The 4th PVUW challenge will be held in conjunction with CVPR 2025 at the Music City Center, Nashville TN. Pixel-level Scene Understanding is one of the fundamental problems in computer vision, which aims at recognizing object classes, masks and semantics of each pixel in the given image. Since the real-world is actually video-based rather than a static state, learning to perform video segmentation is more reasonable and practical for realistic applications. To advance the segmentation task from images to videos, we will present new datasets and competitions in this workshop, aiming at performing the challenging yet practical Pixel-level Video Understanding in the Wild (PVUW). This workshop will cover but not limit to the following topics:

Semantic/panoptic segmentation for images/videos
Referring image/video comprehension/segmentation
Video object/instance segmentation
Video understanding in complex environments
Language-guided video understanding
Audio-guided video segmentation
Efficient computation for video scene parsing
Semi-supervised recognition in videos
New metrics to evaluate the quality of video scene parsing results
Real-world video applications, e.g., autonomous driving, indoor robotics, visual navigation, etc.

Workshop Schedule

The workshop will be held on June 11, 2025, at conference room 105A of the Music City Center.

Event	Time
Chairs’ opening remarks	13:30 PM
Invited talk 1, Dr. Daniel Bolya, Meta, FAIR	13:45 PM
Invited talk 2, Prof. Hengshuang Zhao, The University of Hong Kong	14:30 PM
Invited talk 3, Dr. Xiangtai Li, ByteDance Inc.	15:15 PM
Break	16:00 PM
Challenge Track 1 1st-Place Winners’ Oral Presentation	16:15 PM
Challenge Track 2 1st-Place Winners’ Oral Presentation	16:25 PM
Award ceremony and concluding remarks	16:35 PM

*All times are in local conference time.

Challenge Tracks & Submission

Track 1: Complex Video Object Segmentation (MOSE) Track

MOSE aims to track and segment objects in videos of complex environments.
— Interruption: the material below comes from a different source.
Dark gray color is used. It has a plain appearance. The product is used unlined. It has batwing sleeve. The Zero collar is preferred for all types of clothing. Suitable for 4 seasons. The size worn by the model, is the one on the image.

MOSE submission server [click here].

Track 2: Motion Expression guided Video Segmentation (MeViS) Track

MeViS focuses on segmenting objects in video based on a sentence describing the motion of the objects. MeViS submission server [click here].

Challenge Timeline

Event	Date
Challenge release	Mar 01, 2025
Validation server online [click here]	Mar 01, 2025
Test server online	Mar 15, 2025
Submission deadline	Mar 25, 2025
Notification	Mar 27, 2025

*All dates are in UTC, 23:59 of the specified day.

Call for Paper

[Update] PVUW 2025 will be using [OpenReview] to manage submissions. We are looking forward to your work and engaging discussions at the workshop!

We invite authors to submit unpublished papers (8-page CVPR format) to our workshop, to be presented at a poster session upon acceptance. All submissions will go through a double-blind review process. All contributions must be submitted (along with supplementary materials, if any) through the paper submission portal.
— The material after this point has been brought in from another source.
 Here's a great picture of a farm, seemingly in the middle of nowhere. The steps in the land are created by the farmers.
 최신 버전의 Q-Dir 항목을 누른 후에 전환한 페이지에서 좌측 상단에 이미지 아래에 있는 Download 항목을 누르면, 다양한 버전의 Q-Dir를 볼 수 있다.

Accepted papers will be published in the official CVPR Workshops proceedings and the Computer Vision Foundation (CVF) Open Access archive.

Paper Submission Timeline

[Update] We just received updates form IEEE that the metadata submission deadline is extended, and we can keep the original submission timeline unchanged. Please follow the timeline in the table and submit your paper before Mar 25. All accepted papers will be published in the official CVPR Workshops Proceedings. Sorry for the confusion!

Event	Date
Regular paper submission deadline	Mar 25, 2025
Supplemental material deadline	Mar 25, 2025
Notification of paper acceptance	Mar 31, 2025
Challenge paper submission deadline	Apr 1, 2025
Camera ready deadline	Apr 7, 2025